In order to resolve this issue and provide even more transparency to the flespi operation, we decided to enhance our test nodes with an extra feature. Each test node in each location establishes an MQTT connection to the flespi MQTT broker, subscribes to the appropriate topic, and each 5 seconds measures round trip time for the published MQTT message. Basically, this is the test of the current network status plus some basic tests of the MQTT Broker performance.
Each node’s path latency is measured every five seconds and results are reported in real-time to another flespi region for storage and further processing. If the published packet is not received back within five seconds, we mark this location as inaccessible. As you may have already noticed, all our special applications — be it COVID19 transportation industry effect visualization or Counter-Strike game controlling system, and a lot of other small tools — are built on flespi using REST API and MQTT HASD capabilities with efficient usage of analytics for automatic calculations. The only important thing here is that we are measuring metrics of one flespi region (for example EU) and report results to another flespi region (for example RU). This is to ensure that even if a region is totally down due to network issues, you can still see this by sourcing current status information from another region.
And in order to visualize this on a beautiful map, we created another flespi application that is located on a third-party hosting. This application is available under the link https://status.flespi.io (please bookmark it) with region selector or direct links for the EU region and for the RU region:
Under each node (location) you can notice a horizontal bar that shows the history of issues with flespi from each particular location for the last 24 hours calculated by flespi analytics in real-time. This is not downtime in that location but network status history — we monitor time intervals when an MQTT message published to the flespi MQTT Broker from this location wasn’t received back on the same node within five seconds.
We are open so that you can be confident
We track and report our monthly uptime since July 2018. If you look at the red vertical bars on the status page, you will notice that since March 2020 they show stable high values. The same is true for the blue vertical bars that show the same metric for our second region (Russia). It does not mean that the COVID19 virus made its way to our Netherlands datacenter or that we changed the way we calculate uptime. It is just a coincidence with the beginning of the global pandemic and our launch of the RU region, which was discussed in September of 2019 when nobody expected what would happen to the world in the following months.

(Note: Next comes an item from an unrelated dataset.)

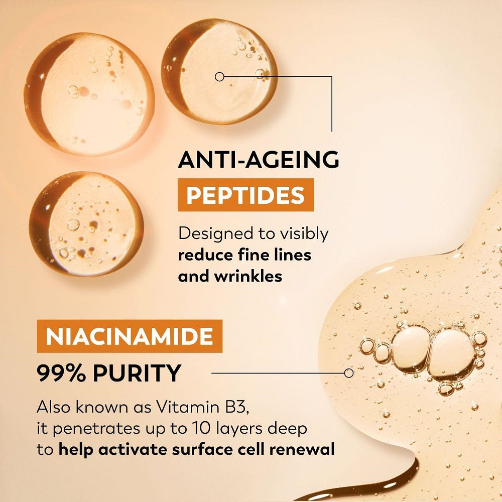النياسيناميد (فيتامين ب3)، الببتيدات الأمينية، الجلسرين، أصباغ خفيفة لتصحيح اللون، فيتامين هـ.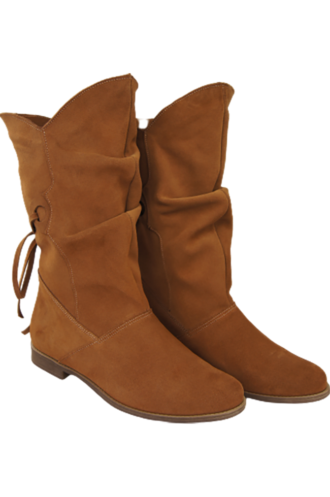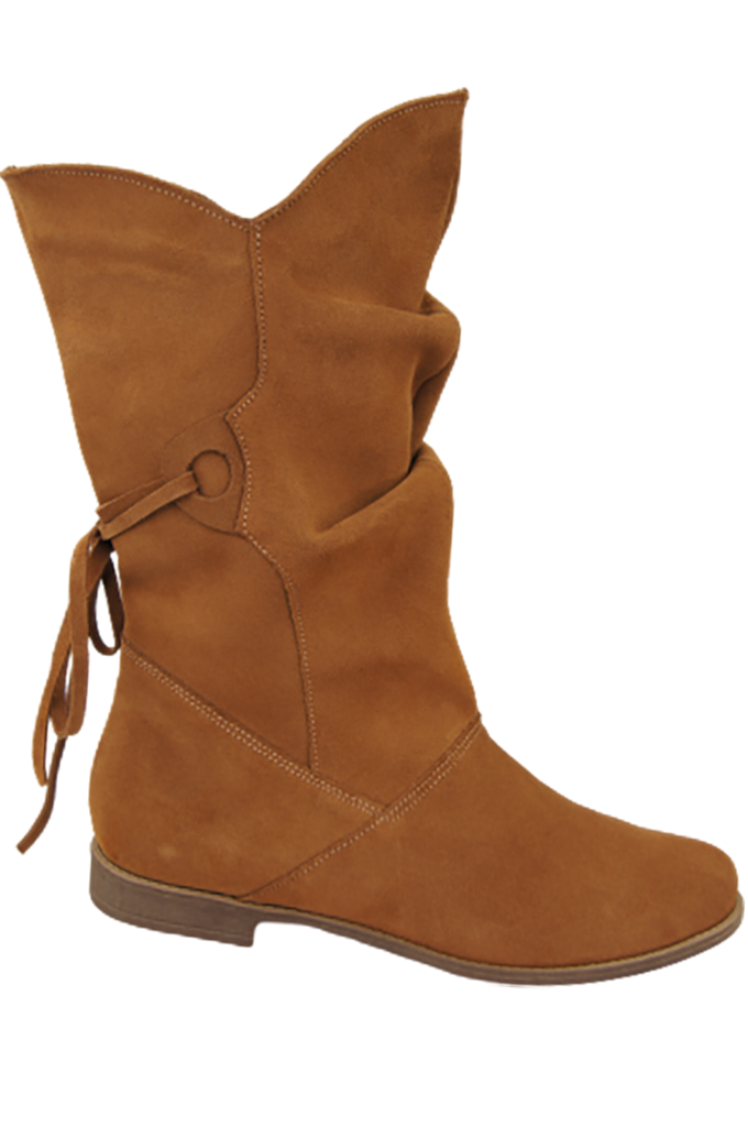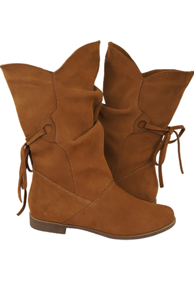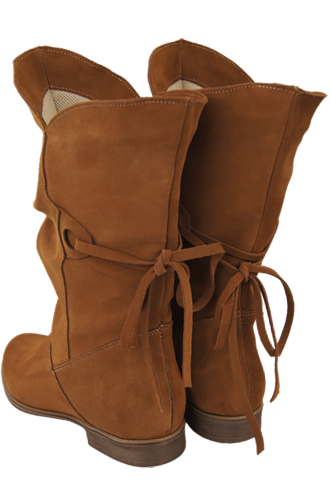 - Zadní část boty je zdobena koženými řemínky, které se zavazují do karda

What actually happened is the completion of changes to the network infrastructure implemented by our uplink provider and the completion of adaptation of the flespi platform to operate in multiple regions. Once the network was changed and our platform adapted to the new operation mode, all failures that happened to us and affected the resulting flespi uptime were minor and short-term.
After stabilizing the network infrastructure we realize that now the changes we do to the platform will affect the uptime most. Any change is difficult — if we change an internal system, from the outside it looks like we did nothing; if we change the API, it requires efficient coordination with our users in order to introduce it and not break their applications. But we also know that any further development involves changes. In our competitive and rapidly changing world, you can stay ahead only by doing preliminary changes in the right direction by predicting what will happen in the future.
We have done a lot of changes, we do a lot of them each day and I promise we will continue doing them in the future to make flespi better, quicker, and more reliable!
P.S. The network status map is also available from the platform status page.